Results of tasks are sent back in YAML format compressed into archive. This archive can contain further files, such as job logging information and files which were explicitly copied into results directory. Results file contains job identification and results of individual tasks.

Results items

List of items from results file. Mandatory items are bold, optional ones italic.

  • job-id - identification of job to which this results belongs
  • error_message - present only if whole execution failed and none of tasks were executed
  • results - list of tasks results
    • task-id - unique identification of task in scope of this job
    • status - three states: OK, FAILED, SKIPPED
    • error_message - defined only in internal tasks on failure
    • sandbox_results - if defined than this task was external and was run in sandbox
      • exitcode - integer which executed program gave on exit
      • time - time in seconds in which program exited
      • wall-time - wall time in seconds
      • memory - how much memory program used in kilobytes
      • max-rss - maximum resident set size used in kilobytes
      • status - two letter status code: OK, RE, SG, TO, XX
      • exitsig - description of exit signal
      • killed - boolean determining if program exited correctly or was killed
      • message - status message on failure

Example result file

---
job-id: 5
results:
	- task-id: compile1
	  status: OK
	  sandbox_results:
		  exitcode: 0
		  time: 5
		  wall-time: 5
		  memory: 50000
		  max-rss: 50000
		  status: RE
		  exitsig: 1
		  killed: true
		  message: "Time limit exceeded"
	- task-id: eval1
	  status: FAILED
	  error_message: "Task failed, something very bad happend!"
	  .
	  .
	  .
...

Scoring

Every assignment consists of tasks. Only some tasks however are part of the evaluation. Those tasks are grouped into tests. Each task might be assigned a test-id parameter, as described above. Every test must consist of at least two tasks: execution and evaluation by a judge. The former retrieves information about the execution such as elapsed time and memory consumed, the latter result with a score - float between 0 and 1. There may be more than one execution tasks, but evaluation task must be exactly one.

Total resulting score of the assignment submission is then calculated according to a supplied score config (described below). Total score is also a float between 0 and 1. This number is then multiplied by the maximum of points awarded for the assignment by the teacher assigning the exercise - not the exercise author.

Simple score calculation

First implemented calculator is simple score calculator with test weights. This calculator just looks at the score of each test and put them together according to the test weights specified in assignment configuration. Resulting score is calculated as a sum of products of score and weight of each test divided by the sum of all weights. The algorithm in Python would look something like this:

sum = 0
weightSum = 0
for t in tests:
  sum += t.score * t.weight
  weightSum += t.weight
score = sum / weightSum

Sample score config in YAML format:

testWeights:
  a: 300   # test with id 'a' has a weight of 300
  b: 200
  c: 100
  d: 100

Logs

During the execution tasks can use one shared log. There is no use for multiple logs, one per task for example, because of pretty small amount of information loged. By default loging is disabled, enabling can be done in job configuration.
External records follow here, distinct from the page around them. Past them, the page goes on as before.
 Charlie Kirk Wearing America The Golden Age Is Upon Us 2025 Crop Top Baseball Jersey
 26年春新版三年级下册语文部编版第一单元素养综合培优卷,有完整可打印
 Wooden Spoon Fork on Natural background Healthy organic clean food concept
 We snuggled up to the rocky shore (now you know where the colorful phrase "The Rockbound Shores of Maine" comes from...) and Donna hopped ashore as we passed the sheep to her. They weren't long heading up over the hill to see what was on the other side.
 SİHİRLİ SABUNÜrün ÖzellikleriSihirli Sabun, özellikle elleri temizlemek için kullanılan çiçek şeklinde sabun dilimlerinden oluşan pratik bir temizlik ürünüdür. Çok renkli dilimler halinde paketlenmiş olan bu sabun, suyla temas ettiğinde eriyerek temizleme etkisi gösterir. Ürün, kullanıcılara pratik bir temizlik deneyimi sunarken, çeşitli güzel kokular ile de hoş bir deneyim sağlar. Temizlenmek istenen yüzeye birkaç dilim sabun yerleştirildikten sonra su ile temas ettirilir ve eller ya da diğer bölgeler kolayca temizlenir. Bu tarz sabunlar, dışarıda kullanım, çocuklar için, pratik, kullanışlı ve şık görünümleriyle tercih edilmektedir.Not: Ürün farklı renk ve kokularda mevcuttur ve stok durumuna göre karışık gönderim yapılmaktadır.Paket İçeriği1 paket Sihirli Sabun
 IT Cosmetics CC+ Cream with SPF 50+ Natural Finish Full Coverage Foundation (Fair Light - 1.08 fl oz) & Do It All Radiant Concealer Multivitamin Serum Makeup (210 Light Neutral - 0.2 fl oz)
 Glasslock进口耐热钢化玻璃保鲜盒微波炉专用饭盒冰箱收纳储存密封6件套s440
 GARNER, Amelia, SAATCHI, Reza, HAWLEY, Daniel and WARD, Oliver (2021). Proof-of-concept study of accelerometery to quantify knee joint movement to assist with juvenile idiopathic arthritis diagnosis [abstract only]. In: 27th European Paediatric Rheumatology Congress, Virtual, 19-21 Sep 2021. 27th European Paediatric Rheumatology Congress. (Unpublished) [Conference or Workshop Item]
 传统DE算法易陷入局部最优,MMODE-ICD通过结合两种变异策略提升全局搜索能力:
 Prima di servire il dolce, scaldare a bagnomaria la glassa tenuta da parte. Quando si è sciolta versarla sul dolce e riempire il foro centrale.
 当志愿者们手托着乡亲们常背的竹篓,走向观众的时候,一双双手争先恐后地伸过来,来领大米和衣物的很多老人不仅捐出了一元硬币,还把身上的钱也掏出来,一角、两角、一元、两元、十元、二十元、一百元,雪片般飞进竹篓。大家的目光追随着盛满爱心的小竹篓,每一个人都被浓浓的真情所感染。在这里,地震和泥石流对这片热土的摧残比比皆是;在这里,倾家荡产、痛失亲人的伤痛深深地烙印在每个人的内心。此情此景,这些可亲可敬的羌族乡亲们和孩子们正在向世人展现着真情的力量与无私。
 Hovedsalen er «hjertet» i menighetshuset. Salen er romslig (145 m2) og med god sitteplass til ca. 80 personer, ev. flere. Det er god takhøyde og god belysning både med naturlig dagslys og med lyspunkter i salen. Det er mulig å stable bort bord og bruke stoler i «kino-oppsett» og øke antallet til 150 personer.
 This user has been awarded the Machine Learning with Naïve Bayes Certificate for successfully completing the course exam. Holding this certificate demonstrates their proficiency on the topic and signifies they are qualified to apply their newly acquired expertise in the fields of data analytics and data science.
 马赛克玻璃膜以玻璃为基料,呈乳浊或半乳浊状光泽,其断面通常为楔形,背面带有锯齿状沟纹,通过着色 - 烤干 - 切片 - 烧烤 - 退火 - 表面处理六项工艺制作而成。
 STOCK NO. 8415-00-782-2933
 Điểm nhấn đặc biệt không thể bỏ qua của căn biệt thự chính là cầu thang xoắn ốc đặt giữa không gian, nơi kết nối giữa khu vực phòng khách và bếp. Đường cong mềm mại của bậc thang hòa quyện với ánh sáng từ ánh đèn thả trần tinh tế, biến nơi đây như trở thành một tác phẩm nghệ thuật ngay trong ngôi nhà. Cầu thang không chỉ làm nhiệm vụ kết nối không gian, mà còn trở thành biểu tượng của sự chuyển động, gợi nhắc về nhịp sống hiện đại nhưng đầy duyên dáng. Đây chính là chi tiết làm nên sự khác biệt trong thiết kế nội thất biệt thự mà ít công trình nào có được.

After execution the log is packed with results into archive and sent back to fileserver. So the log can be found here for further processing.

Case study

We present some of the courses that might use ReCodEx to evaluate homework assignments and outline the setup of the evaluation with respect to the concept of stages.

Simple programming exercises

For example introductory programming courses such as Programming I or Java programming.

In the simplest case we only need one stage that builds the program and passes the test inputs to its standard input. Outputs are compared with the default judge.

Compiler principles

This course uses multiple tools in a pipeline-like fashion - for example flex and bison.

We create a stage for each of the steps of this pipeline - we run flex and test the output, then we run bison on top of previous stage results and do the same. This is more advanced configuration and ReCodEx is specifically designed to support such evaluation pipeline.

XML technologies

In this course, students choose a topic they model using XML -- for example a library or a bulletin board. During the semester, they expand this project by adding XSLT transformations, XQuery scripts, XPath queries, etc. These are tested against fixed requirements (e.g. using some particular language constructs).

This course already has a rather sophisticated application for testing homework assignments, so we only include it for demonstration purposes.

Because every assignment focuses on a different technology, we would need a new type of stage for each one. These stages would only run some checker programs against the submitted sources (and possibly try to check their syntax etc.). ReCodEx is not primarily determined to perform static analysis, but surely it's also possible.

Non-procedural programming

This course is different from other programming courses, because it only teaches input/output manipulation by the end of the semester. In their assignments, students are mostly required to write a function/predicate that behaves according to a specification (e.g. appends an item at the end of a list).

Due to this, we need to take the function submitted by a student and combine it with a snippet of code that reads the standard input and calls the submitted function. This could be nicely achieved by setting the build command.

Operating systems

The operating systems course requires students to work on a simple OS kernel that is then run in a MIPS simulator called msim. There are various tests that checks if the student's implementation of core OS mechanisms is correct. These tests are compiled into the kernel.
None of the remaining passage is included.